Hacker News new | past | comments | ask | show | jobs | submit login
Mtime comparison considered harmful (apenwarr.ca)
120 points by panic 10 months ago | hide | past | web | favorite | 59 comments

In Ninja I sorta stumbled through some of the same issues described here. I eventually realized that the interesting question is "does this output file reflect the state of all the inputs" and not anything in particular about mtimes, and that"inputs" includes not only the contents of the input files, but also the executables and command lines used to produce the output.

If you squint, mtime/inode etc. behave like a weak content signature of the input. And once you have that perspective, you say "if mtime != mtime I had last time, rebuild", without caring about their relative values, and that sidesteps a lot of clock skew related issues. It does "the wrong thing" if someone intentionally pushes timestamps to a point in the past (e.g. when switching branches to an older branch) as an attempt to game such a system, but playing games with mtime is not the right approach for such a thing, totally hermetic builds are.

One nice trick is that you can even capture all the "inputs" with a single checksum that combines all the files/command lines/etc., and that easily transitions between truly looking at file content or just file metadata. The one downside is that when the build system decides to rebuild something, it's hard to tell the user why -- you end up just saying "some input changed somewhere".

Is there a description of Ninja's algorithm anywhere? I looked at the manual [1] and didn't quite see it.

Does Ninja use a database like sqlite? It seems like it has to if it does something better than Make's use of mtimes. (e.g. the command line, which Make doesn't consider.)

I looked at redo (linked in the article) and it uses sqlite to store the extra metadata.

[1] https://ninja-build.org/manual.html

No, sorry. And I also mixed what Ninja actually does with some random observations in that comment.

Ninja does use some database-like things, but they are just in a simple text/binary format. It's actually been long enough that I have forgotten the details.

https://ninja-build.org/manual.html#ref_log (contains a hash of the commands used) / https://ninja-build.org/manual.html#_deps (database-like thing with some mtimes, see https://github.com/ninja-build/ninja/blob/master/src/deps_lo... )

This reminds me, I should study ninja's binary format and maybe borrow it :)

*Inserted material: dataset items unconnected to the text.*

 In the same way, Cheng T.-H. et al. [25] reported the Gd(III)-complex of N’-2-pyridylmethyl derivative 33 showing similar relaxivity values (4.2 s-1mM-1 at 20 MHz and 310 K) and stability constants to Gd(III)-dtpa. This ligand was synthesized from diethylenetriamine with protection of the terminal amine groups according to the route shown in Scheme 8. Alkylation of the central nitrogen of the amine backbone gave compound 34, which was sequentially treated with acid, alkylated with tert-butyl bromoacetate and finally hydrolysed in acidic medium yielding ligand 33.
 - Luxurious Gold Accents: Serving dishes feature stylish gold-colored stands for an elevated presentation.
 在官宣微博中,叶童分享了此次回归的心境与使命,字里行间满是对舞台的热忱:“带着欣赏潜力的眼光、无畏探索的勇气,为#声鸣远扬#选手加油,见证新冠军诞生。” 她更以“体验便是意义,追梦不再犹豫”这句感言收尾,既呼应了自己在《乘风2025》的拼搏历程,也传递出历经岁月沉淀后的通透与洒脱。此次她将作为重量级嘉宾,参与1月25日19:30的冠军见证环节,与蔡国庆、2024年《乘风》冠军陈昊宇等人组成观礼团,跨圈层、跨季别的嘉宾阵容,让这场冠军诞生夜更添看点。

The sqlite3 database used in redo was just something I threw together in the first few minutes. sqlite was always massive overkill for the problem space, but because it never caused any problems, it's been hard to justify working on it. I'd like to port redo from python to C, though, and then the relative size of depending on a whole database will matter a lot more.

Someone rewrote ninja from scratch in C at one point and it's shockingly tiny. (No tests = no extra abstractions to make testing possible.)

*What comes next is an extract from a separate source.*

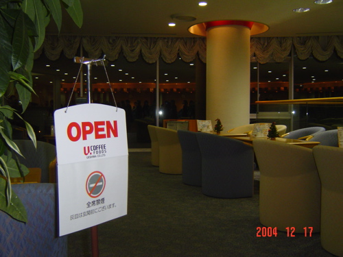 フロントに連続するベンチやソファにも灰皿がないこと。 かつてはこの場所に灰皿がありましたが、2006年前半で撤去されました。 |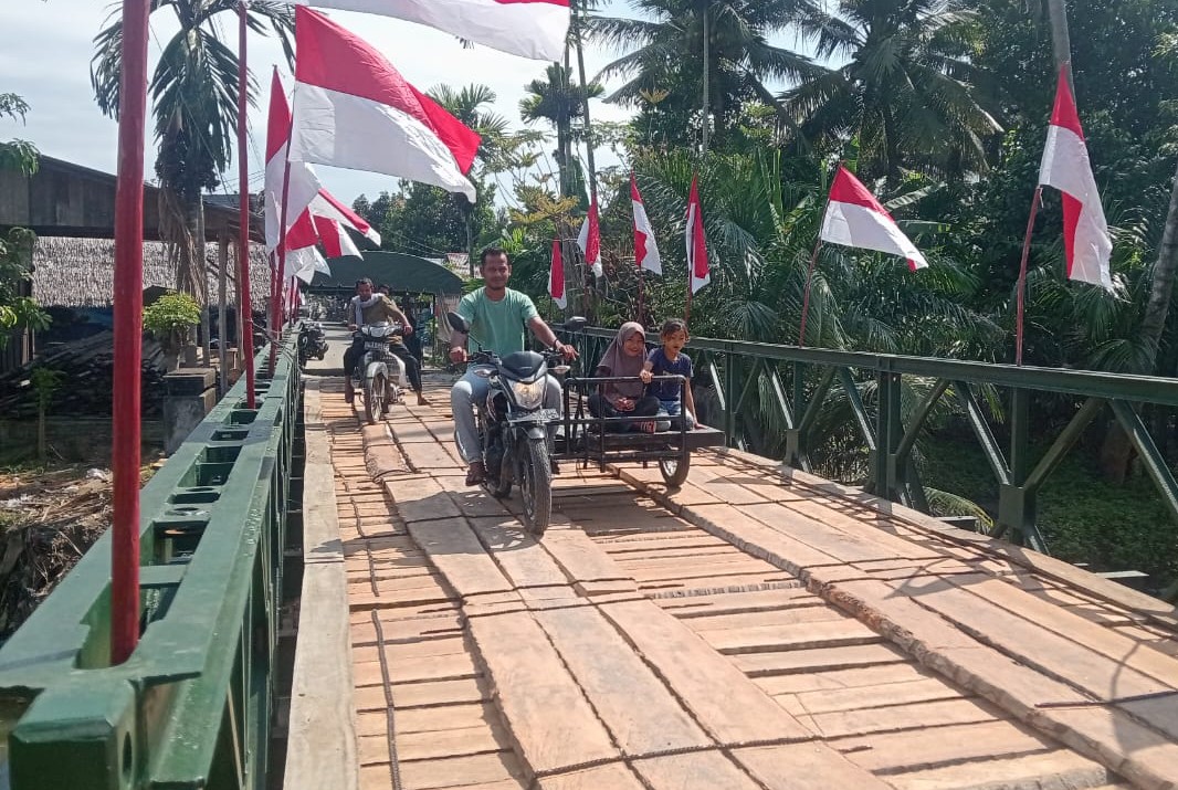 Jembatan darurat pada ruas jalan Peudada tembus Bireuen tersebut selesai dibangun pada Minggu (21/12/2025) untuk menggantikan jembatan permanen yang rusak berat akibat banjir.

I found samurai and it is indeed tiny! ~3400 lines was less than I was expecting for *.[ch] !


Ninja isn't too big though. It looks like about 13K of non-test code, which is great for a mature and popular project. Punting build logic to a higher layer seems to have been a big win :)

The "popular misconceptions" section seems to have a couple of the author's own misconceptions.

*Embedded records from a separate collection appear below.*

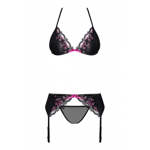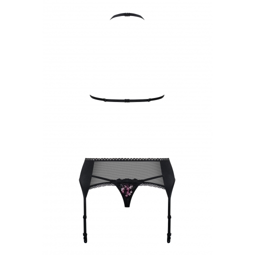 В комплект входит: бюстгальтер, пояс для чулок, трусики.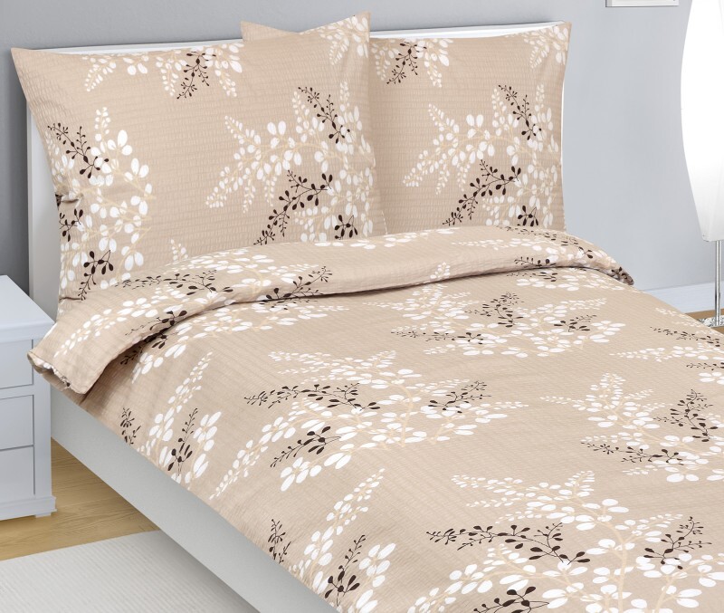 Povlečení krepové - Béžová,Hnědá,Bílá - 140x200, 70x90 cm
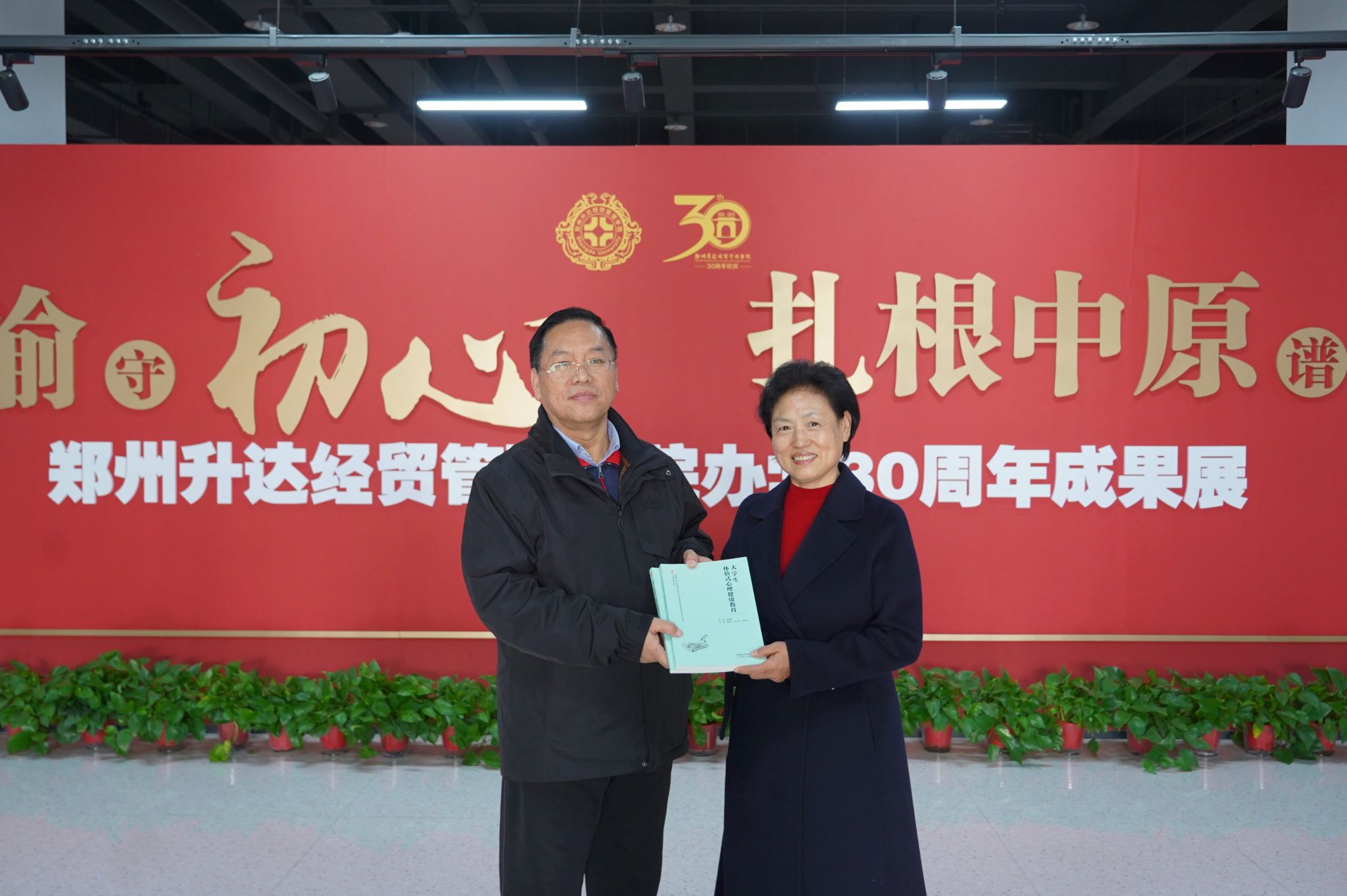讲座开始前,张金安向徐慧玲赠送书籍《梅花香自苦寒来》,徐慧玲向公司赠送她主编的书籍《老员工体验式心理健康教育》。

* On precision, he notes "almost no filesystems provide that kind of precision" (nanoseconds), but I would honestly say the exact opposite statement. ext4, xfs, btrfs, ZFS are some of the very common file systems that support this. He cites that his ext4 system only has 10ms granularity, which is most certainly not the default, but likely a result of upgrading from ext2/ext3 to ext4. As an aside, NTFS only has a granularity of 100ns.

* It is unclear what he means by "If your system clock jumps from one time to another...". If this is talking about NTP, it's probably accurate. My first reading was "daylight saving" or time zone changes, in which case, everyone uses UTC internally and such changes don't affect the actual mtimes. (You might get strange cases where a file listing regards a file modified at 01:45 to be older than a file modified at 01:20, but if you display in UTC, you can see it's just DST nonsense)

The author links to a post which indicates that while ext4 with 256b inodes might technically store mtime with nanosecond granularity - the call that ext4 to get that time is limited by the scheduler clocktick granularity, aka HZ which is 100, 250 or 300 for most people, hence reported granularities of 10ms, 4ms, 3.33ms, etc.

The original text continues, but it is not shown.